One might think that despite so many business failures during the coronavirus pandemic, all drugstores would be financially safe and might even prosper. After all, people need their prescription drugs, no matter what’s going on in the world.
However, this is not so for small neighborhood drugstores, says one Brooklyn pharmacist. The pharmacist is Ron Del Gaudio, whose family owns Kings Pharmacy on Flatbush Avenue in Park Slope as well as two other Kings Pharmacies, one near SUNY Downstate and the other on Manhattan’s Upper East Side. The Kings Pharmacy name started in 1935 on Kings Highway.
For one thing, he said, the drugstores have to comply with COVID-19 related CDC guidelines: installing plexiglass barriers, requiring hand sanitizer, promoting social distancing between customers waiting in line, and more. All of this takes time, effort and money.

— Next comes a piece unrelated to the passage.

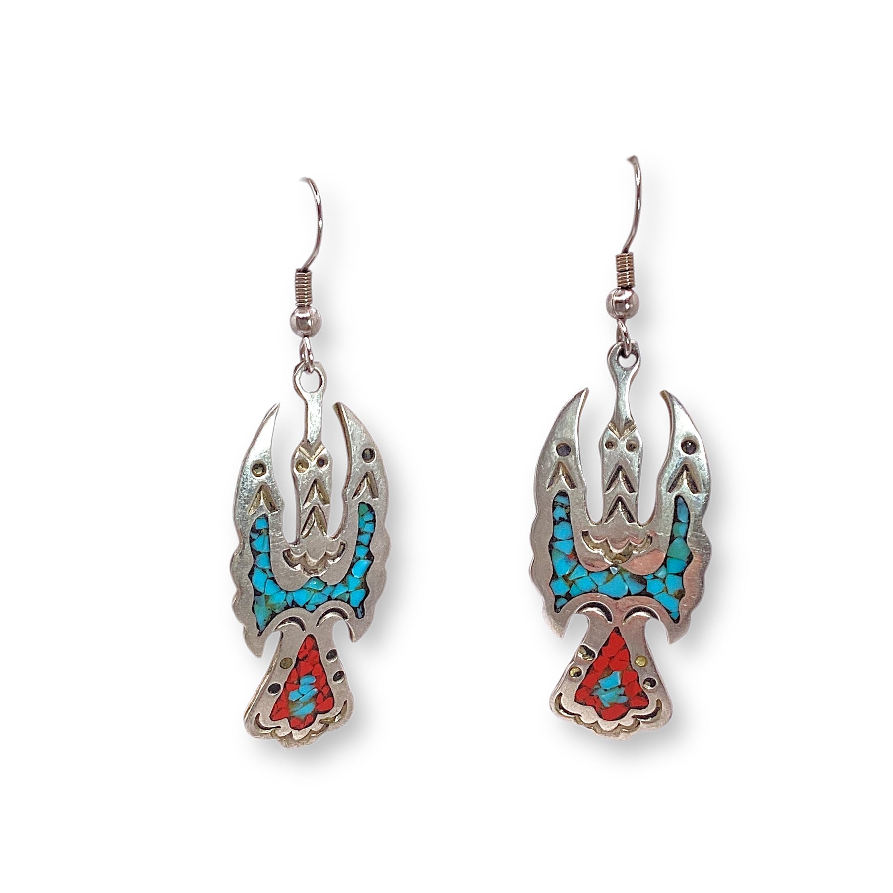 Peyote bird (water fowl) turquoise inlay Zuni earrings. Wear with your boho favorites.

While Kings Pharmacy has offered delivery in the past, deliveries have “increased dramatically” since the pandemic, which makes for another expense. In March and April, when the pandemic’s effects were hitting hardest, few people were coming to the stores. “Or else, they would come in and buy only one thing [without browsing],” Del Gaudio said. “We had to cut our hours 20 percent, and I had to lay off staff.”
The coronavirus did raise the demand for certain items that were suddenly considered essential, like face masks, hand sanitizer, toilet paper and Tylenol. However, those items, at least at the beginning of the pandemic, were constantly in short supply. “I put out Tylenol, and in one or two days, the shelf was empty,” Del Gaudio said. “We suffered tremendously.”
Besides in-store considerations, one of the main problems for small pharmacies is that they’re being “crushed by pharmacy benefit managers,” Del Gaudio said. Pharmacy benefit managers are the middlemen between drugstores and insurance companies, and some have reduced reimbursements to pharmacies, small health plans, employers and drugstores. They also offer incentives for customers to buy prescription drugs by mail, which, of course, also impacts drugstores.
By contrast, Del Gaudio said, larger chains like CVS, Walgreens and Rite Aid have other sources of income, sometimes as part of a corporate umbrella that also includes non-pharmacy businesses. In addition, CVS owns its own pharmacy benefit manager and its own prescription-drugs-by-mail service.
To alleviate some of these problems, Del Gaudio and many other pharmacists and pharmacy owners are supporting State Senate Bill S-2828/State Assembly Bill 9902, which was introduced this past February. The bill would require pharmacy benefit managers to be licensed and would specify their duties and obligations as service providers.
It would also provide for funds received by a pharmacy in trust for the health plan or provider and for the accountability of those funds, and would establish an appeals process to investigate and resolve disputes regarding multi-source generic drug pricing.